AFTER THE JUMP: Press overboard; Sulaimon Wins, or Something; Pat Mara Media Saturation…
Tempest in a Teapot: LL fellow hacks went a little overboard yesterday chastising the mayor as some sort of evil Dick Cheney-type because the fire department has recently clamped down on its Twitter account and the police department is switching to encrypted radios. Not that the Gray administration handled it great, either. “Social media is for parties. We ain’t givin’ parties,” said one of LL’s favorite flacks, FEMS’ Lon Walls. D’oh!
In Other News: Council v. Sulaimon is over. Toles cartoon mocks council. Fire Chief Ken Ellerbe‘s brother is up for a fire department promotion. If you were a diplomate in a foreign country, would you pay your parking tickets? Even writing the words “government shutdown” makes LL annoyed.

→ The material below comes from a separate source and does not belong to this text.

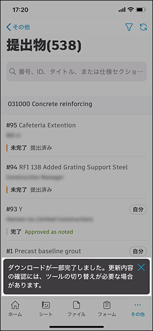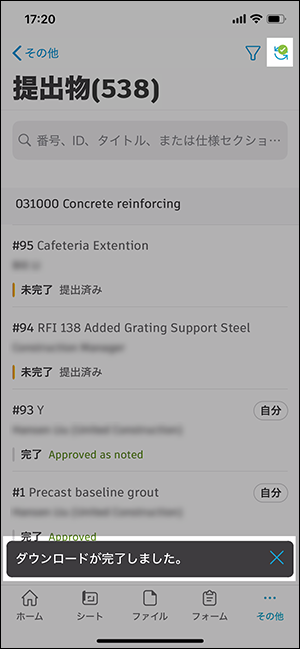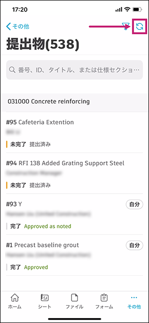 プロジェクト内同期は、Autodesk Construction Cloud mobile app 内のすべてのツール リスト ビューで使用できます。これは、次のスクリーンショットに示すように、そのツールの項目(提出物など)を一覧表示するビューです。

Gray’s appointee to Juvenile Justice Advisory Group once called gays “faggots,” says he’s since mellowed. VO isn’t really serious about creating jobs. Pat Mara says achieving full D.C. representation and cleaning up local ethics messes go hand in hand. Mara also films another Youtube video, and this time looks into the camera! (BTW, the DCGOP is set to meet with so-far benevolent overlord Rep. Trey Gowdy tonight.) DOES worker fired, fraud probe underway.
Gray sked: Urban Land Institute Governance in the Region Panel at 11 a.m.; National League of Cities Mayors’ Institute on Children and Families at 1 p.m.; Women Empowered Against Violence 15th Anniversary Gala at 6 p.m. Washington National Opera & Kennedy Center 4th Annual Opera in the Outfield at 7 p.m.
Council sked: Office of Planning’s city sustainability at 2:30 p.m.